The judge in Los Angeles said government misconduct ‘included providing false information to obtain a search warrant, making unauthorized searches, and providing incorrect testimony to a grand jury,’ according to Bloomberg’s report.
The Lindsey defendants and Lee were each convicted by a federal jury in May of conspiracy to violate the Foreign Corrupt Practices Act and five substantive FCPA offenses.
The government said they paid millions in bribes to Nestor Moreno, an official at the Mexican state-owned electric utility Comisión Federal de Electridad, in exchange for contracts.
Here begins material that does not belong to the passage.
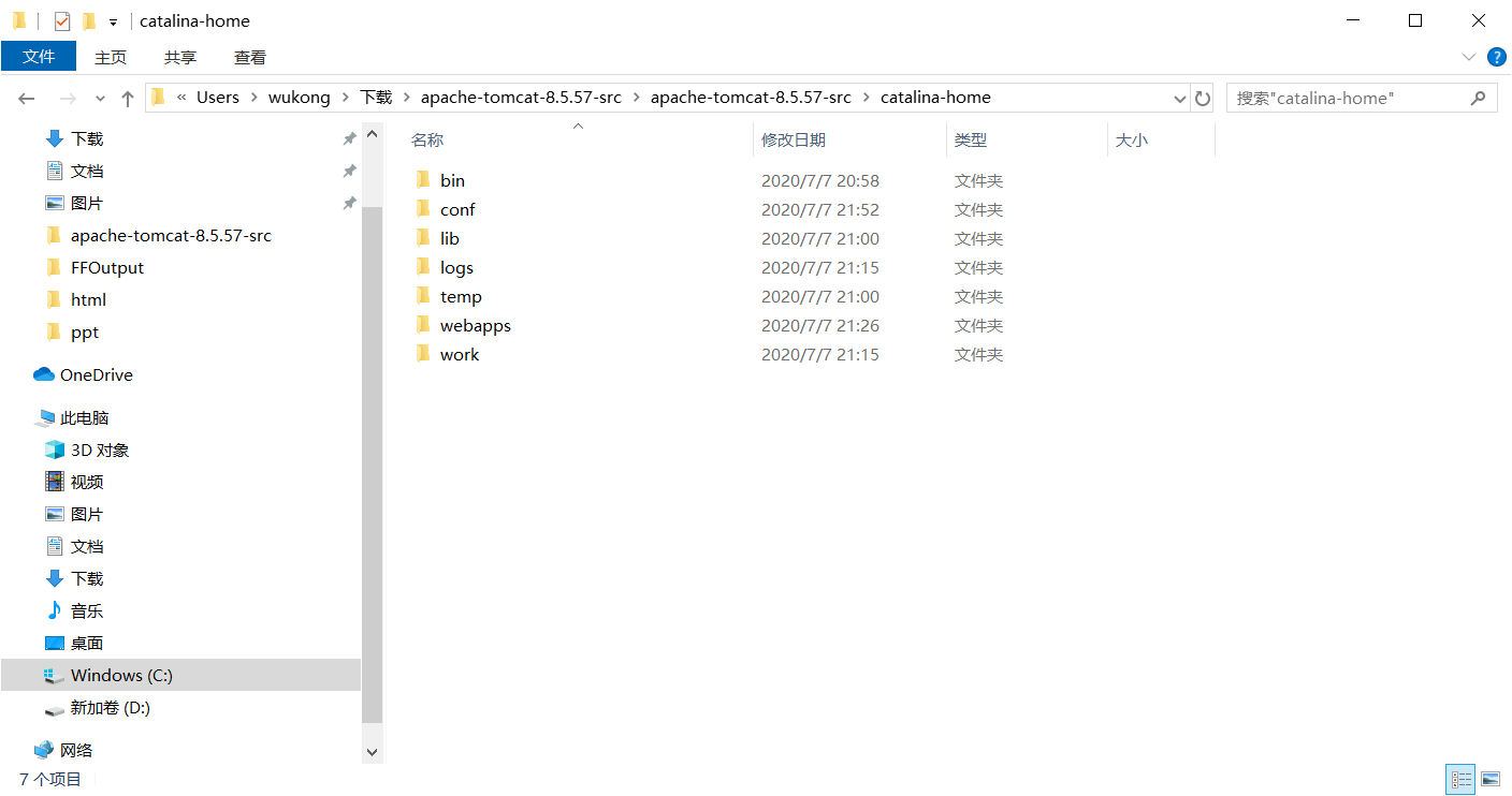 3.在apache-tomcat-8.5.57-src 同级目录新建 catalina-home并保证目录下面文件如下

Following Tuesday’s hearing, Jan Handzlik told the FCPA Blog: “In the 38-page tentative order provided to the parties today, Judge Matz said the convictions should be thrown out and the indictment dismissed with prejudice. The judge told the parties he would make some revisions to the tentative order and enter the final order tomorrow.”
A dismissal of the indictment with prejudice means the defendants cannot be tried again for the same offenses. If the judge’s final order is consistent with the tentative order, the government’s only option will be to appeal the dismissal to the Ninth Circuit Court of Appeals.
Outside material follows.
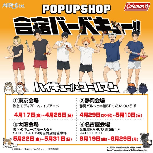 有限会社アクロス(本社:大阪市中央区、 代表取締役:中 礼)は、アニメ「ハイキュー!!」とアメリカのアウトドアブランド「Coleman」とコラボしたPOP UP SHOP「合宿バーベキュー!!」を開催します。合同合宿中に開催されたBBQのシーンをイメージした描き下ろしビジュアルを使用したグッズや、Colemanとコラボしたアウトドア商品等を発売します。会場内には等身大パネルを設置したフォトスポットや、POP UP SHOP限定の購入特典も配付します。
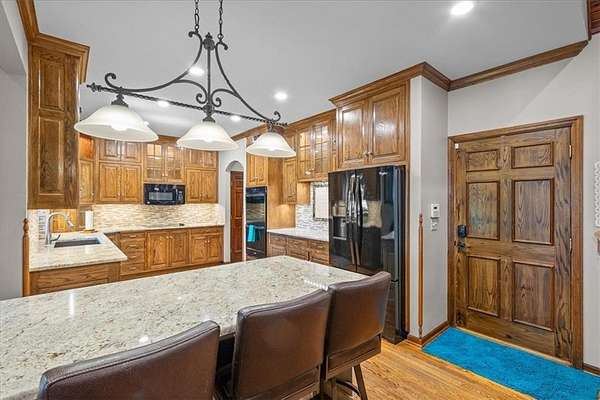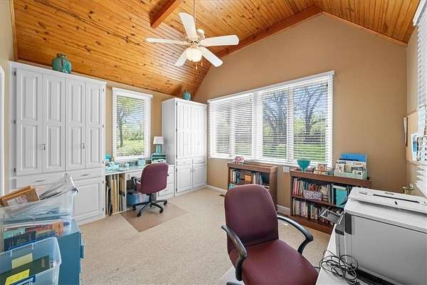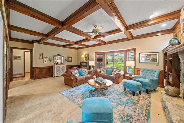 This stately 7200 SF home has great curb appeal. Original owner built the home 39 years ago with two major additions. The three-acre lot provides secluded living while having easy access to the whole KC Metro. Features include a main floor Primary bedroom plus a second Primary bedroom upstairs. The 5-bedroom 6-bathroom house is ideal for families. Fenced backyard for your dog too. The house is ideal for work from home, with his and hers offices, in different parts of the house. Entertaining spaces galore with Family rooms on the main floor and in the basement. A walk out basement also includes a massive game room. There is additional room in the basement for another bedroom and to add a shower to the existing half bath. The roof is a stone coated steel roof for fire resistance and durability. Construction quality is excellent. Mechanical system are 8 years old or newer in three separate zones. A new serpentine driveway adds to the curb appeal. Seller is providing a home inspection and survey. Seller is planning an estate sale for June 6-7. Possession can occur after June 9th , 2026.

Another defendant in the case, Angela Aguilar, a Mexican citizen, was convicted of conspiracy to launder money. Her husband, Enrique Faustino Aguilar Noriega, of Cuernavaca, Mexico, was charged in a seven-count indictment with conspiracy to violate the Foreign Corrupt Practices Act, four substantive FCPA violations, money laundering conspiracy, and money laundering. He’s a fugitive in Mexico.
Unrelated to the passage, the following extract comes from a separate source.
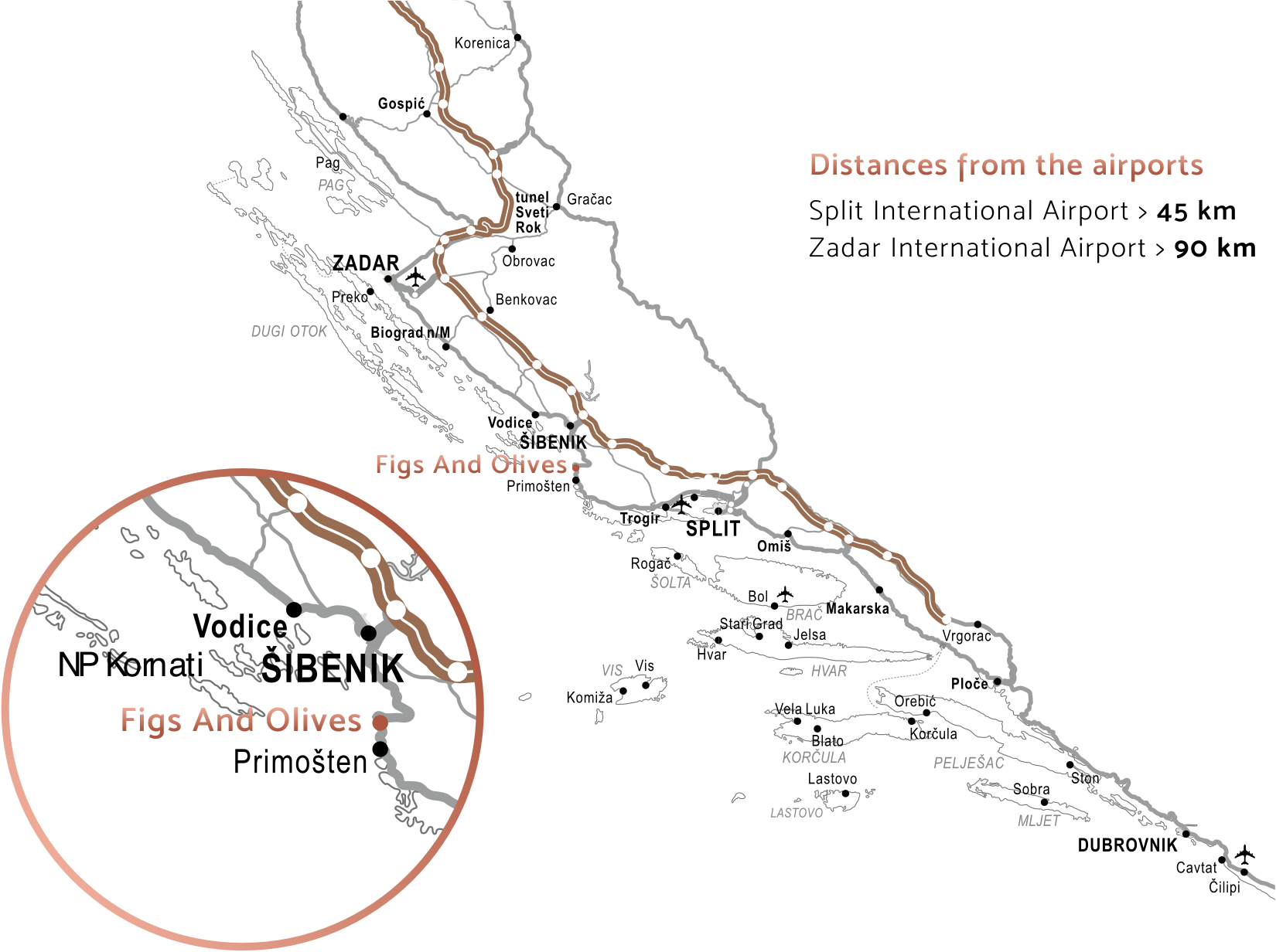 Easily reached from Split and Zadar international airports, the town places you within close proximity to

After her conviction, Aguilar accepted a sentencing deal with the DOJ. It called for time served (about nine months in custody without bail since her arrest in Houston), a probationary sentence, immediate release from prison and return to Mexico, and no fine, but she agreed not to contest the government’s seizure of about $3 million in family assets.
The Lindsey and Lee defendants had argued that prosecutors ‘engaged in a course of misconduct that was both flagrant and prejudicial.’
In July, Lindsey defense counsel Handzlik told us: “Individually, several of these transgressions [by the prosecutors] would justify dismissal. Considered on a cumulative basis, however, the unfairly prejudicial impact of this conduct was extraordinarily damaging.”
Judge A. Howard Matz presided over the case — U.S. v. Noriega et al, U.S. District Court, Central District of California (Western Division – Los Angeles), Case #: 2:10-cr-01031-AHM-4.